Task to complete
Start at the line in the entries below that contains "ඩොලර් මිලියන 400", stop at the line that contains "Damage development of", and output exactly the lines in that span, both ends included.

Data
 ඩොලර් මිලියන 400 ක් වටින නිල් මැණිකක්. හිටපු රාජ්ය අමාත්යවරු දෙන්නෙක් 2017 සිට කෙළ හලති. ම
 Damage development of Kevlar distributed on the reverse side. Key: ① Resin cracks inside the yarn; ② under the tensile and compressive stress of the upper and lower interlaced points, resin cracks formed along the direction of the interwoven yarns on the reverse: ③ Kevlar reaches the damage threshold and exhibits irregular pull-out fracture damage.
--
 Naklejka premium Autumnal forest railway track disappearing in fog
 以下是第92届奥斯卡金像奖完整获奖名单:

Solution to this task
 ඩොලර් මිලියන 400 ක් වටින නිල් මැණිකක්. හිටපු රාජ්ය අමාත්යවරු දෙන්නෙක් 2017 සිට කෙළ හලති. ම
 Damage development of Kevlar distributed on the reverse side. Key: ① Resin cracks inside the yarn; ② under the tensile and compressive stress of the upper and lower interlaced points, resin cracks formed along the direction of the interwoven yarns on the reverse: ③ Kevlar reaches the damage threshold and exhibits irregular pull-out fracture damage.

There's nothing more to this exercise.